The black policeman was asking questions of the group of pedestrians and receiving negative replies to all of his inquiries. He walked back to the patrol car and slid in under the wheel.

‘What do we have?’ his partner asked.

‘Nothing but the wallet.’

‘What about the woman who found the body?’

‘Nowhere to be seen. She’s prob’ly somewhere pukin’ her guts out.’

The prowl car lurched toward Ninth Avenue. The whine of the siren bit into the heavy silence of the night. The neon midnight beacons summoned the restless for beer and whiskey. The youngsters, knowing the Man as they do, followed the prowl car’s progress up the avenue with suspicious stares.

‘Does the name John Lee mean anything to you?’ the black finally asked.

‘No,’ the rookie replied. ‘I donno what to think.’

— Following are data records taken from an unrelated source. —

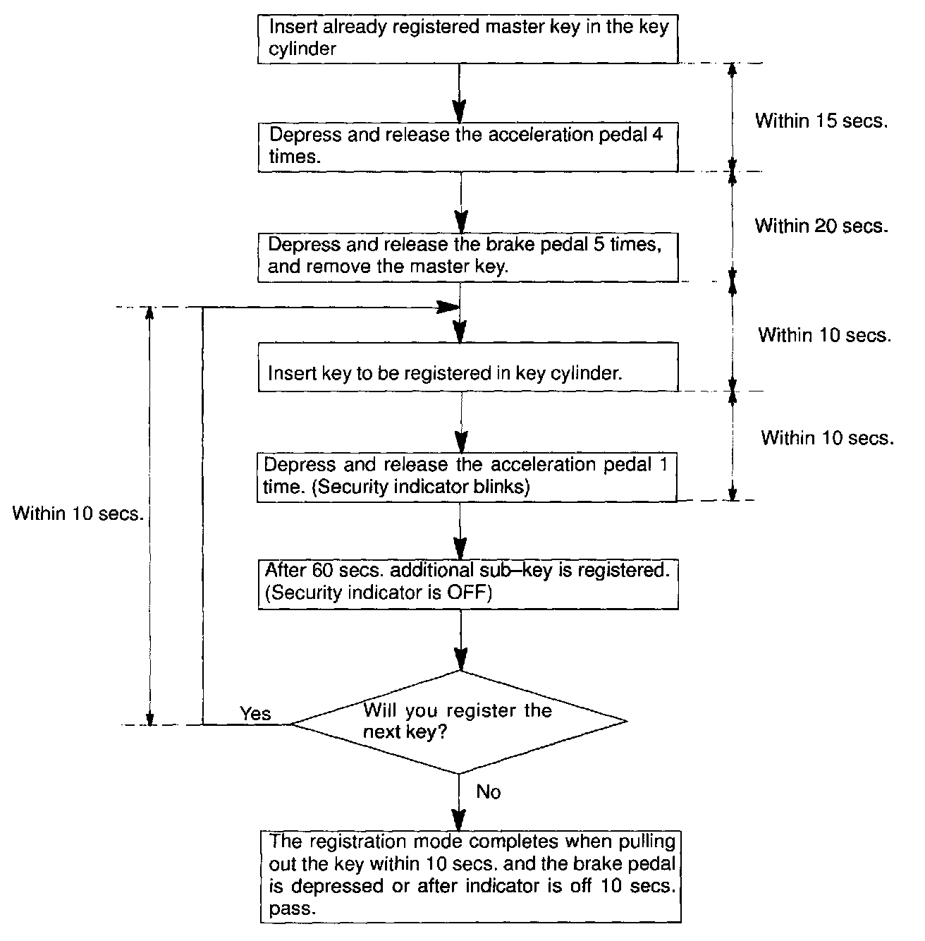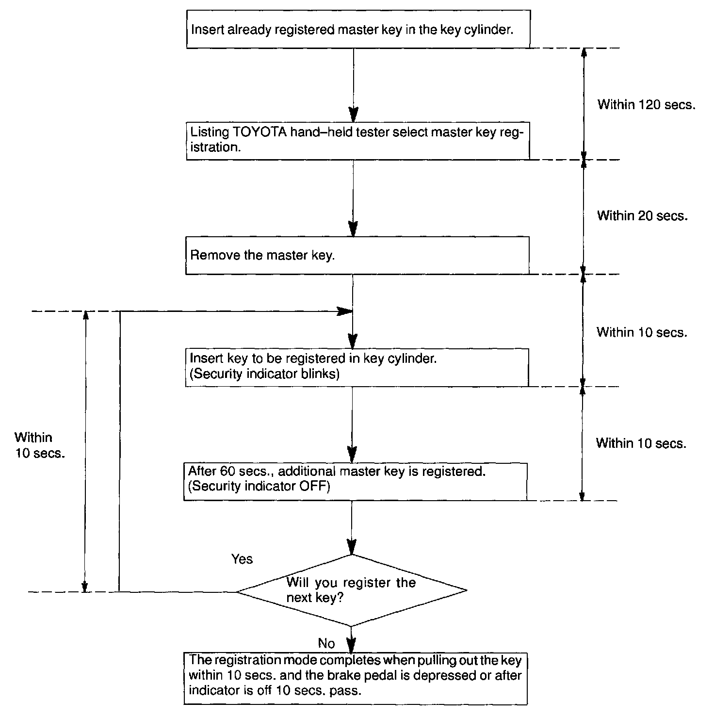 There are 2 ways for registration of additional master key, one is depressing brake pedal and acceleration pedal and the other is using TOYOTA hand-held tester.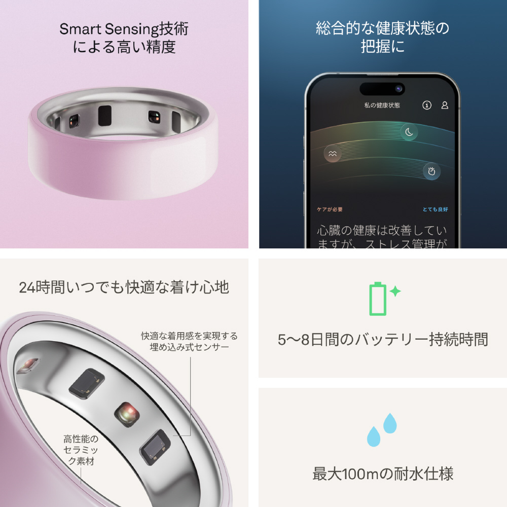 心拍や体温、活動量などを高精度センサーで24時間自動計測し、体調の変化を見逃しません。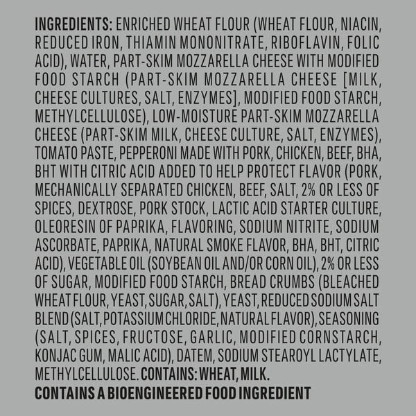 Cheese Stuffed Crust (enriched Flour [wheat Flour, Niacin, Reduced Iron, Thiamine Mononitrate, Riboflavin Folic Acid], Part-skim Mozzarella Cheese With Methylcellulose [{pasteurized Milk, Cultures, Salt, Enzymes}, Modified Food Starch, Methylcellulose], Water, Soybean Oil, Sugar, Breadcrumbs [bleached Wheat Flour, Yeast, Sugar, Salt], Yeast, Salt Blend [salt, Potassium Salt, Natural Flavor], Sodium Stearoyl Lactylate, Datem), Low-moisture Part-skim Mozzarella Cheese (cultured Part-skim Milk, Salt, Enzymes), Low-moisturepart-skim Mozzarella Cheese With Modified Food Starch (low-moisture Part-skim Mozzarella Cheese [milk, Cheese Cultures, Salt, Enzymes], Modified Food Starch, Nonfat Milk, Natural Flavors, Annatto [color]), Water, Tomato Paste, Pepperoni Made With Pork, Chicken And Beef (pork, Mechanically Separated Chicken, Beef, Salt, Contains 2% Or Less Of Spices, Dextrose, Pork Stock, Lactic Acid Starter Culture, Oleoresin Of Paprika, Flavoring, Sodium Nitrite, Sodium Ascorbate, Paprika, Processed With Natural Smoke Flavor, Bha, Bht, Citric Acid To Help Protect Flavor), 2% Or Less Of Vegetable Oil (soybean Oil And/or Corn Oil), Salt, Spices, Fructose, Garlic, Konjacgum, Modified Food Starch, Malic Acid.

‘I know what you mean. At first I thought some junky had taken another overdose, but when I saw that blood comin’ out the back of his head, I figured somebody did him in . . . But he wuzn’t robbed.’

‘Shit!’ the rookie exclaimed. ‘I don’ give a damn. It’s outta our hands now. Let the others worry about it.’

‘Yeah. But these Puerto Ricans piss me off.’

‘What?’

‘Talk a mile a minute all day an’ cain’ answer one simple question for me.’

‘They got so many junkies they probably identify.’

‘We oughta bury ‘um all in the gutter.’

‘Can’t.’ The young white laughed. ‘Against the law to bury a man at home.’